== ACTIVITY ==
Leave out the pictures and retype, exactly, the lines below from the line with "šios maksi suknelės" up to and including the line with "SB 6522  HANDEL: ROYAL", nothing more.

== DATA FOR ANALYSIS ==
# # # # # # #

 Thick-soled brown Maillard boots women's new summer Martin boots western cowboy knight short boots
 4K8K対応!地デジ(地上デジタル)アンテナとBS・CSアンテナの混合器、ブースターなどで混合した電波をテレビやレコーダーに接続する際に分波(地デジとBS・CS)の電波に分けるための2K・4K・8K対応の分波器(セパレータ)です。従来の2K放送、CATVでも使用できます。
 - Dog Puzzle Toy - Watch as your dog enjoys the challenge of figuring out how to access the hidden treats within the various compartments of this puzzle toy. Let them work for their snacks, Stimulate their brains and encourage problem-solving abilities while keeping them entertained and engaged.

# # # # # # #

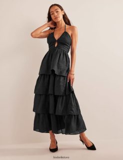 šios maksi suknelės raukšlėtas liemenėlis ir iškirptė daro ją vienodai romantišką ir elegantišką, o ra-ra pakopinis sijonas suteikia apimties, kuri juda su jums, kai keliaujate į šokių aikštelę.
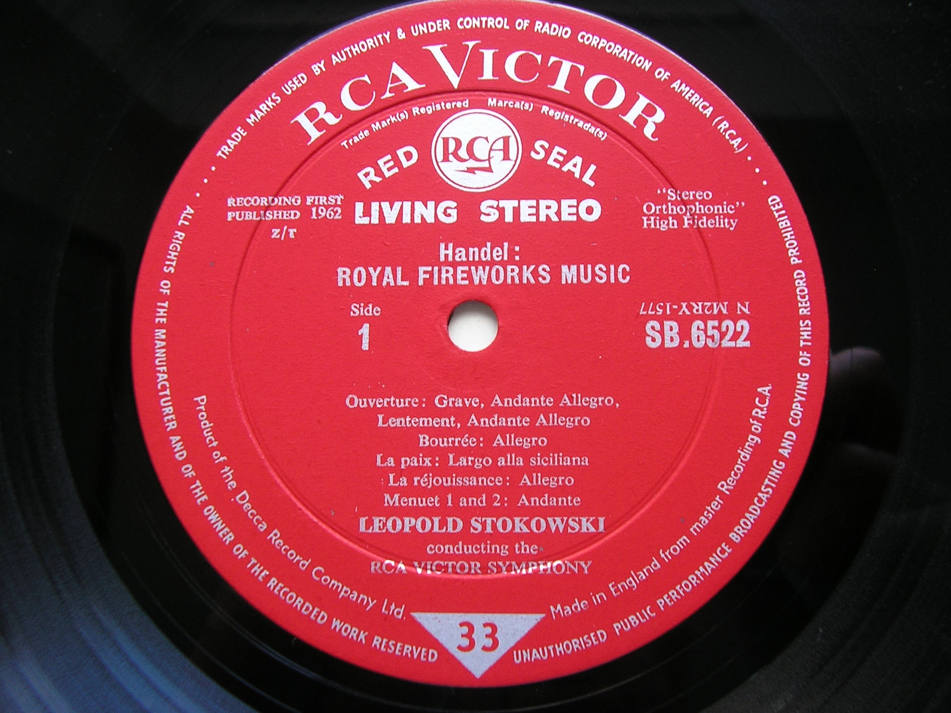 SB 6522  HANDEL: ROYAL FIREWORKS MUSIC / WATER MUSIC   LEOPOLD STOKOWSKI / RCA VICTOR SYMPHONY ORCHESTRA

# # # # # # #

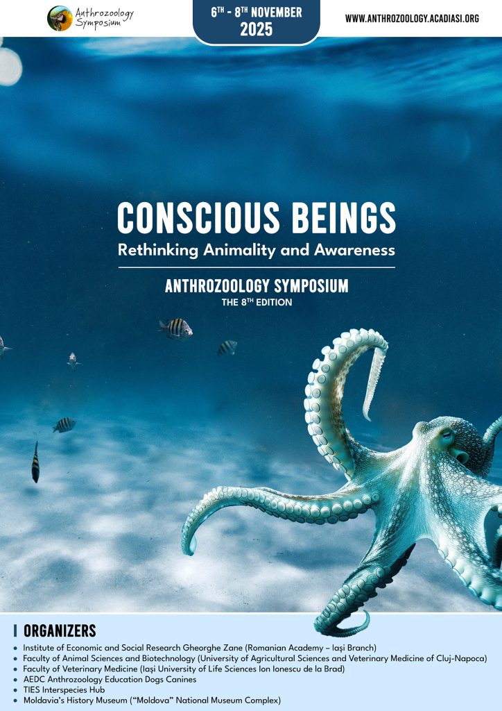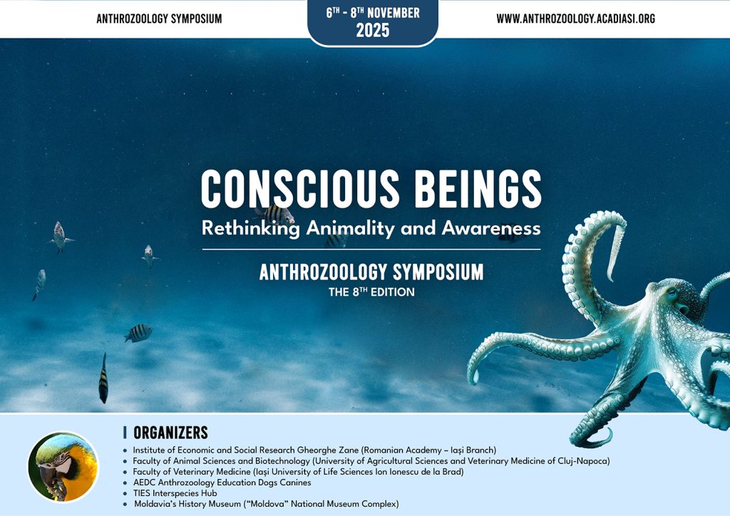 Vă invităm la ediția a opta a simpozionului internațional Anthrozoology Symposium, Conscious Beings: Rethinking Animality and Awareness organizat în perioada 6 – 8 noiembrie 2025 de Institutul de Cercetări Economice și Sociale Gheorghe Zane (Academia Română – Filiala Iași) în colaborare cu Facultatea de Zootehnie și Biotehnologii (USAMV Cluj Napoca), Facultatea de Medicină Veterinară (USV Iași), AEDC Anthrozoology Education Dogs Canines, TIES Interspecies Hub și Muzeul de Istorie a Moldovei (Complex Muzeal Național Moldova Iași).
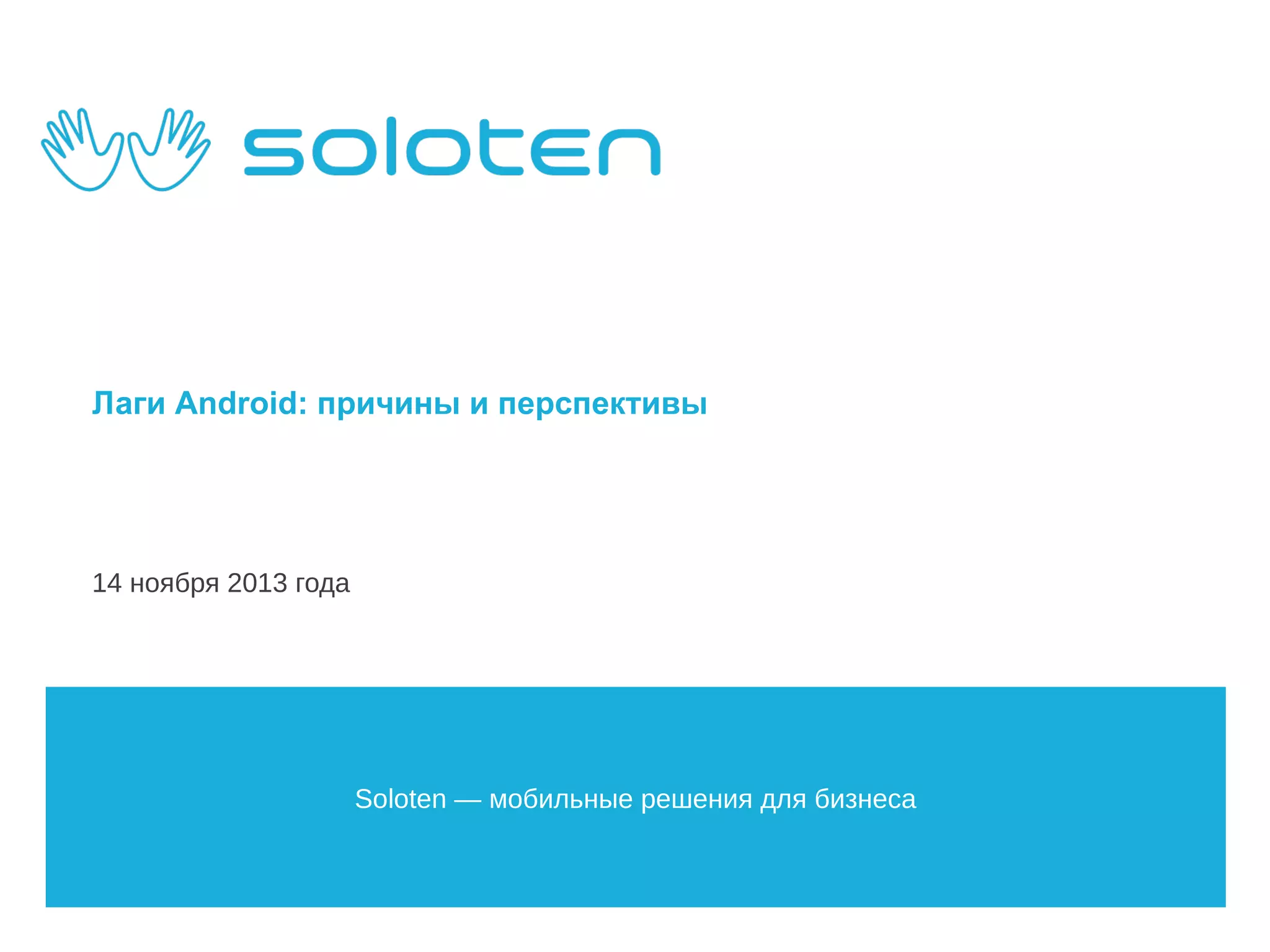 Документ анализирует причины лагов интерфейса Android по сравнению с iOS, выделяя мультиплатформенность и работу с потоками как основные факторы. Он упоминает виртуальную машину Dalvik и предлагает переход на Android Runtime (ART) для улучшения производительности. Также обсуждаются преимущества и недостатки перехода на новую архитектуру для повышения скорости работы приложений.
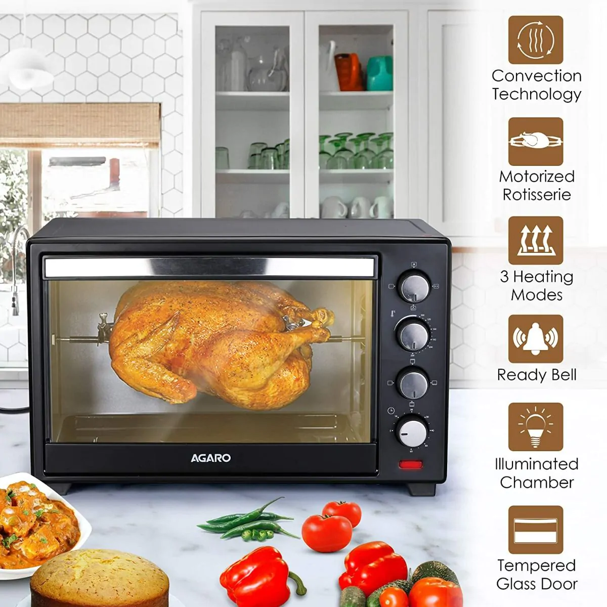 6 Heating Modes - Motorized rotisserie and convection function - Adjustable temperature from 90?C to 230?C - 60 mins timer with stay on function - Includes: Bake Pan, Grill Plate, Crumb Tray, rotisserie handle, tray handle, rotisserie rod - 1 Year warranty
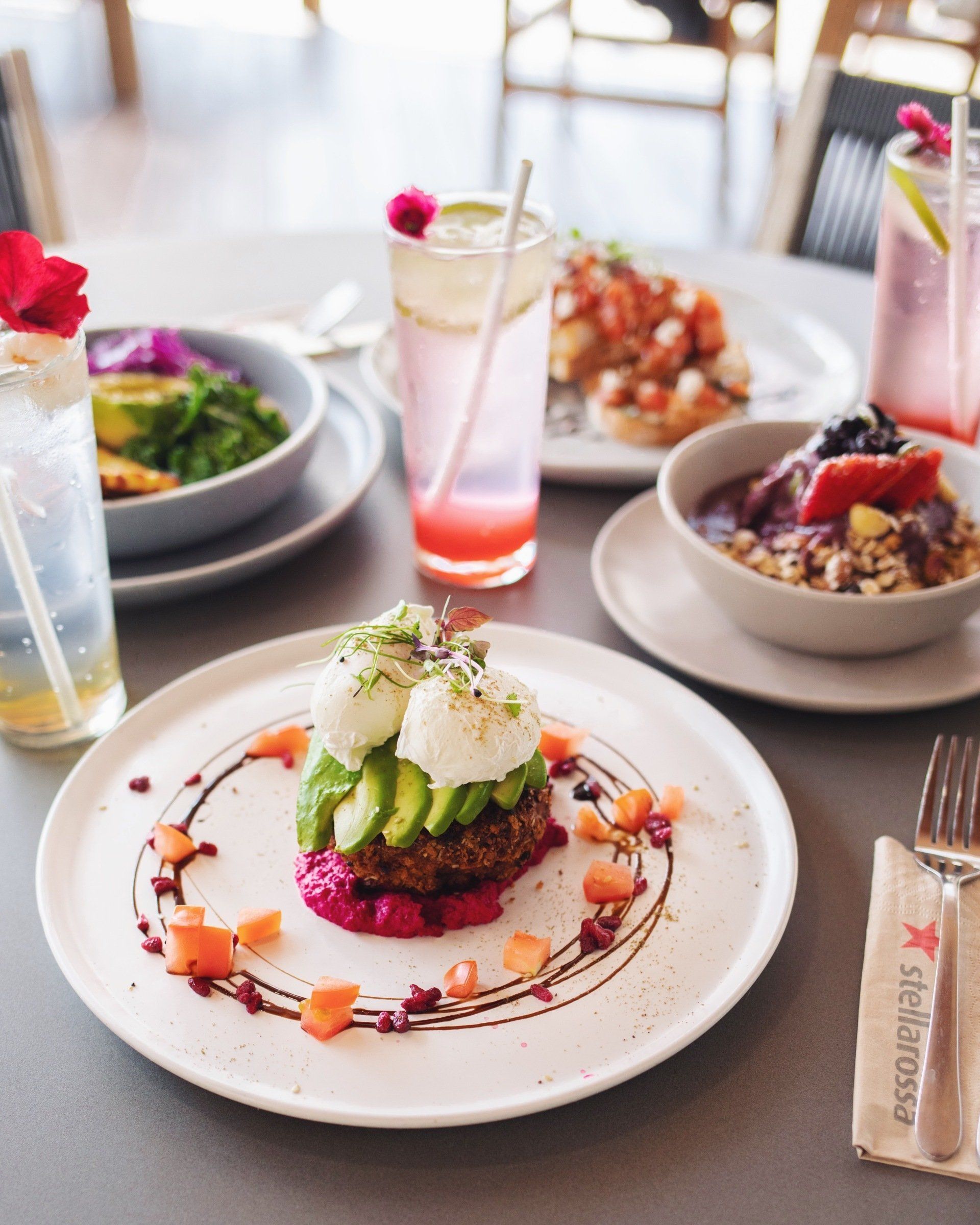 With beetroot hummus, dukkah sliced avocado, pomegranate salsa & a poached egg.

# # # # # # #

== FINISHED EXERCISE ==
 šios maksi suknelės raukšlėtas liemenėlis ir iškirptė daro ją vienodai romantišką ir elegantišką, o ra-ra pakopinis sijonas suteikia apimties, kuri juda su jums, kai keliaujate į šokių aikštelę.
 SB 6522  HANDEL: ROYAL FIREWORKS MUSIC / WATER MUSIC   LEOPOLD STOKOWSKI / RCA VICTOR SYMPHONY ORCHESTRA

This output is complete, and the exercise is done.